- Education: University of Southern California (BS Computer Science, 1989) Stanford University (MS Computer Science, 1991) Wharton School of the University of Pennsylvania (MBA, 2003)
- Occupation: Founder of Engineering Capital

= Ashmeet Sidana =

Ashmeet Sidana is an American businessman, entrepreneur and venture capitalist. He is the Founder, Chief Engineer and Managing Partner of Engineering Capital.

== Education ==
Sidana obtained a BS from USC in 1989, a MS in Computer Science from Stanford University in 1991. He then graduated with an MBA from Wharton in 2003.

== Career ==
Sidana started his career at Hewlett Packard and then worked at Silicon Graphics, where he worked as an engineer. Subsequently, he founded Sidana Systems, where he served as Chief Executive Officer until the company was bought by Doclinx. He then worked at VMware, where he was in charge of product management for the company's product ESX Server. Until 2013, Sidana then worked with Foundation Capital, a venture capital fund.

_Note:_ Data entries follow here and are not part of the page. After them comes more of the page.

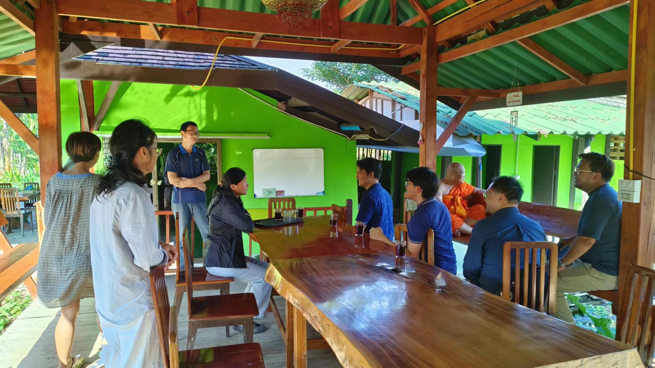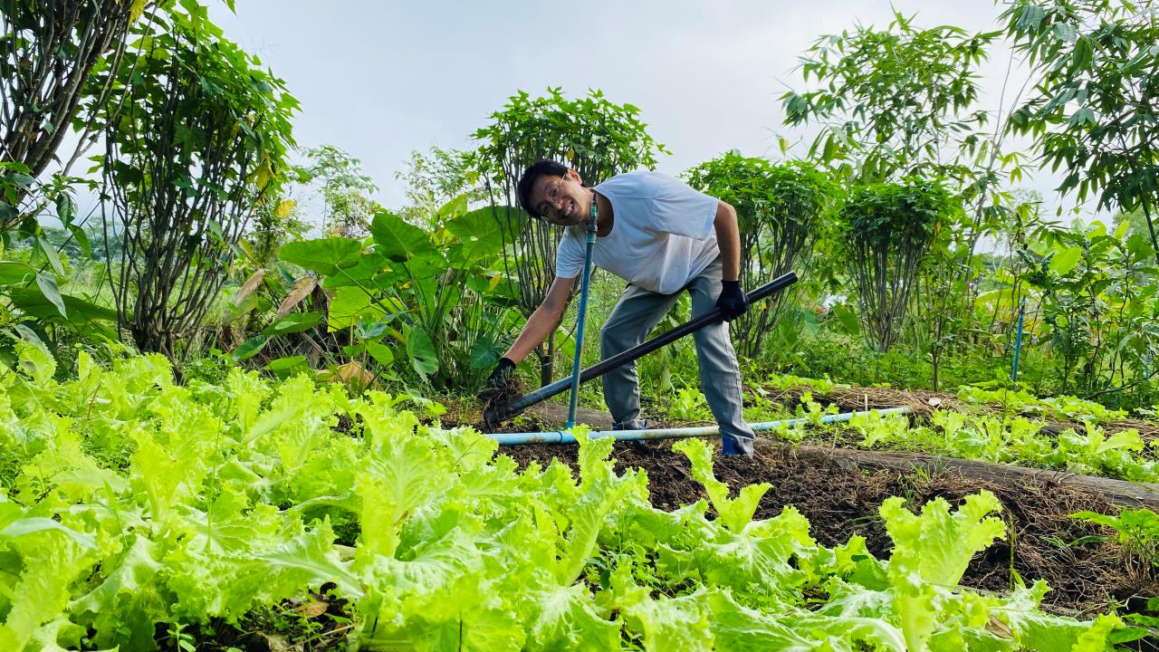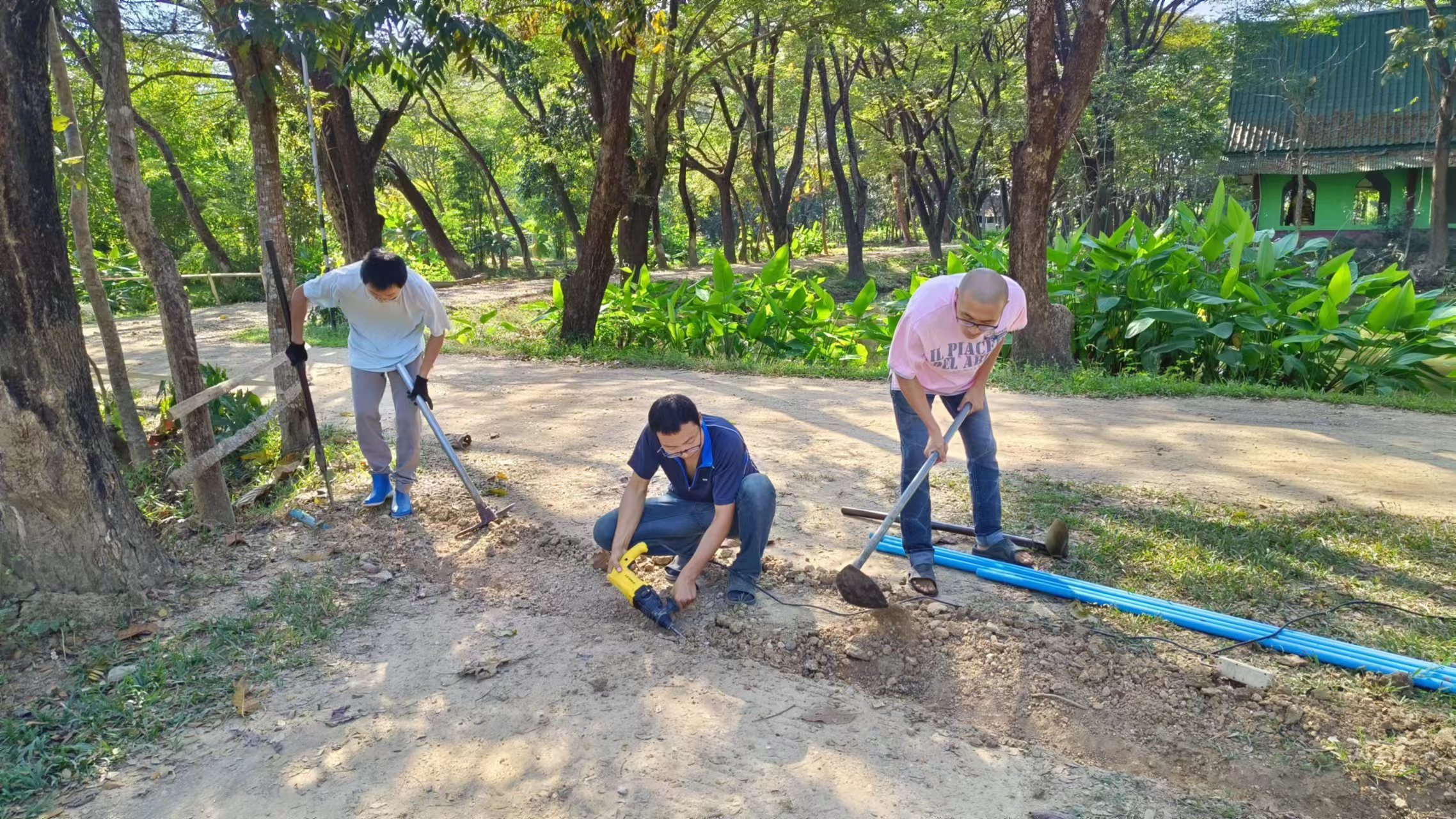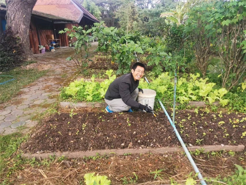 仰樂千姿去參加會議的一個星期,曲丹負責菜地工作,移栽了韭菜小白菜和各種瓜苗,嬌娥負責管理花園,拔草,與百川一起為花卉修剪枝條,大家還一起收穫了去年種植的紅小豆。 慧光定單最多,維修熱水器、燈具和門,打撈水裡雜木,做水邊欄杆,幫百川逸仙加工出了好用的工作桌,與院裡工人一起檢查水管,解決了每棟房的用水問題,購買安置路由器和網線,泰國家園用上了wifi,除此之外還幫大家列印了八百理念和英文學習資料。 芒果園戒鏡照料西紅柿長勢喜人,黃瓜已經結果,大氣專門培養木瓜之餘又打算試種一些花生,家園裡一切井然有序,祥和寧靜。
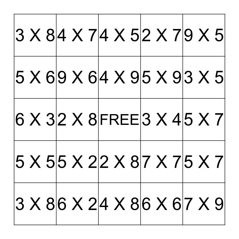 This bingo card has a free space and 24 words: 5 X 2, 6 X 2, 4 X 9, 3 X 8, 9 X 5, 3 X 8, 5 X 6, 4 X 7, 3 X 4, 2 X 8, 5 X 9, 6 X 3, 7 X 7, 5 X 7, 9 X 6, 6 X 6, 5 X 7, 4 X 5, 3 X 5, 2 X 8, 7 X 9, 5 X 5, 2 X 7 and 4 X 8.
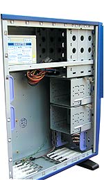 Carcasa pe care am ales-o pentru exemplificare are panourile laterale detasabile si sursa plasata în partea superioara, orizontal. Este o solutie simpla, necostisitoare si care permite o buna ventilatie.

=== Engineering Capital ===
In 2015, Sidana launched his own venture capital fund, Engineering Capital, with plans to focus his initial $32 million investment fund and portfolio on 10-15 start-ups from the infrastructure technology (IT and engineering) sector. For his second investment fund, Sidana raised $50 million.

== Personal life ==
Sidana is an action traveler and has made several excursions to Mt. Everest.